-- YOUR GOAL --
Starting at the line that contains "9月13日,浙江民泰公司駐杭", write out each line exactly through the last one in the material below, and nothing more; omit all pictures.

-- INFORMATION PROVIDED --
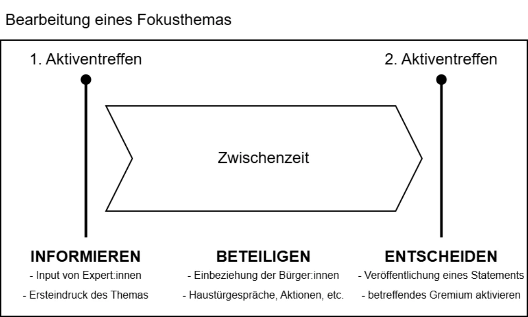 - Zum Abschluss des Fokusthemas diskutieren wir beim zweiten Aktiventreffen einen Monat später miteinander Lösungsansätze, um daraus ein Statement der Stadtteilgruppe zu formulieren und zu veröffentlichen. Diese dienen als Grundlage für die Arbeit der Bezirksverordnetenversammlung und unserer Abgeordneten, die selbst Teil unserer Stadtteilgruppe sind und unsere Anliegen in die betreffenden Gremien tragen können
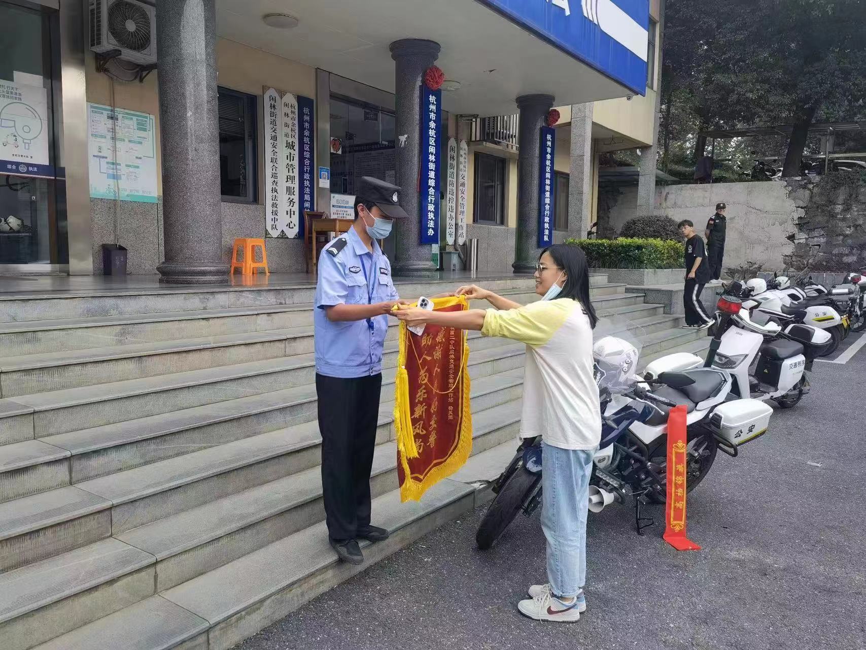 9月13日,浙江民泰公司駐杭州市余杭區(qū)閑林市容項目員工楊笑陽收到市民姚女士送來的一面繡有“感謝人民好交警 助人為樂新風(fēng)尚”的錦旗,感謝他冒雨守護小學(xué)生的行為。
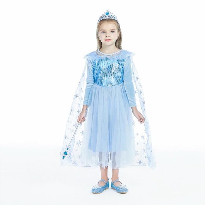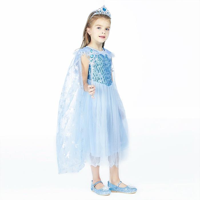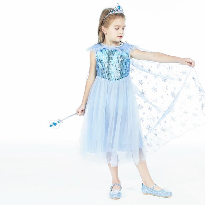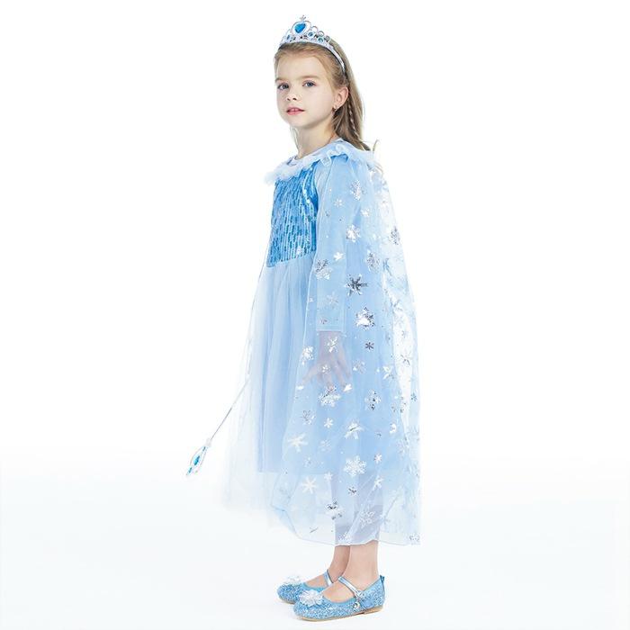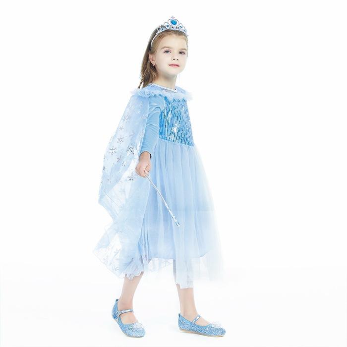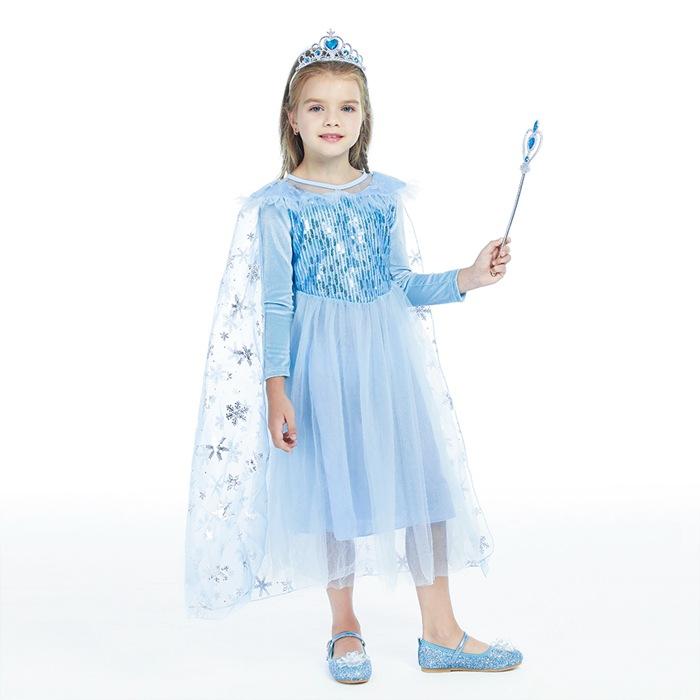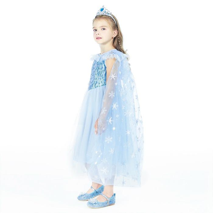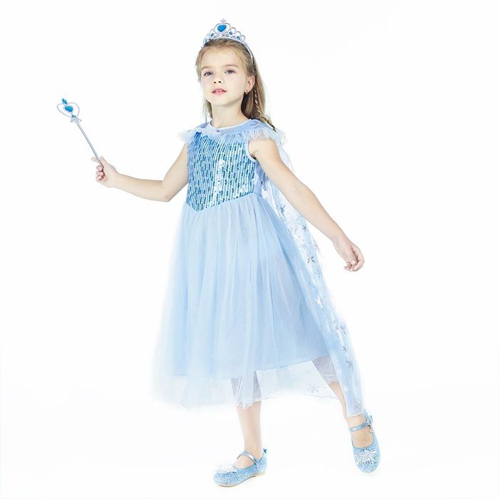 2021 Nuevo Vestido de Princesa Congelada Aisha Europeo y Americano Nuevo Vestido de Actuación para Niños Vestido con Capa de Lentejuelas
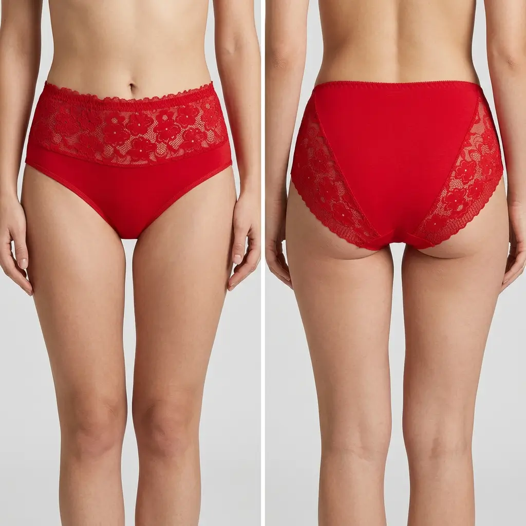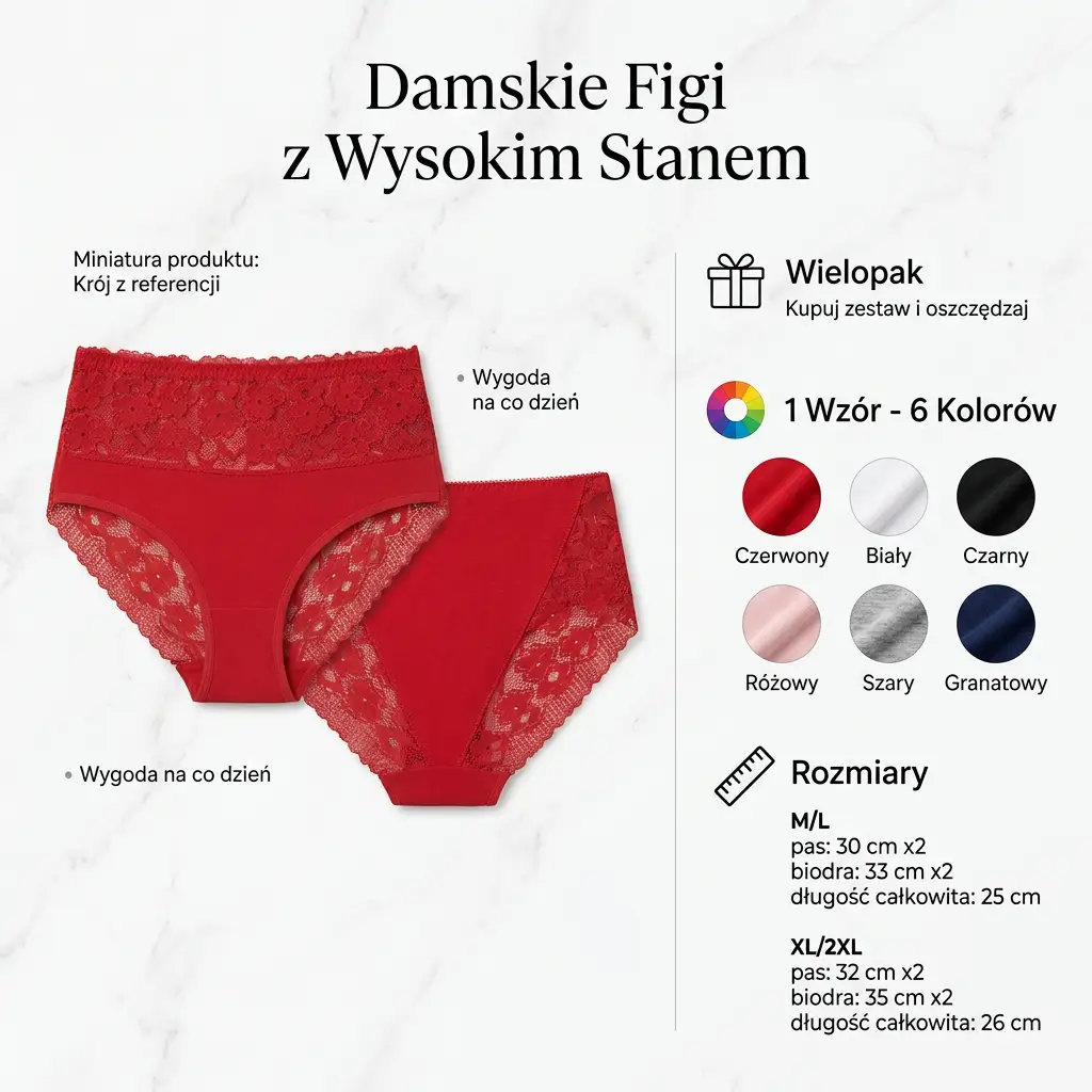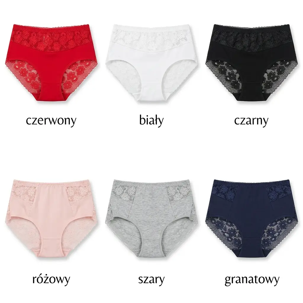 Zestaw 6 damskich fig z koronką w wygodnym, kobiecym fasonie. Model z wyższym stanem, miękkim materiałem i delikatnym koronkowym wykończeniem sprawdzi się idealnie na co dzień.

-- COMPLETED EXERCISE --
 9月13日,浙江民泰公司駐杭州市余杭區(qū)閑林市容項目員工楊笑陽收到市民姚女士送來的一面繡有“感謝人民好交警 助人為樂新風(fēng)尚”的錦旗,感謝他冒雨守護小學(xué)生的行為。
 2021 Nuevo Vestido de Princesa Congelada Aisha Europeo y Americano Nuevo Vestido de Actuación para Niños Vestido con Capa de Lentejuelas
 Zestaw 6 damskich fig z koronką w wygodnym, kobiecym fasonie. Model z wyższym stanem, miękkim materiałem i delikatnym koronkowym wykończeniem sprawdzi się idealnie na co dzień.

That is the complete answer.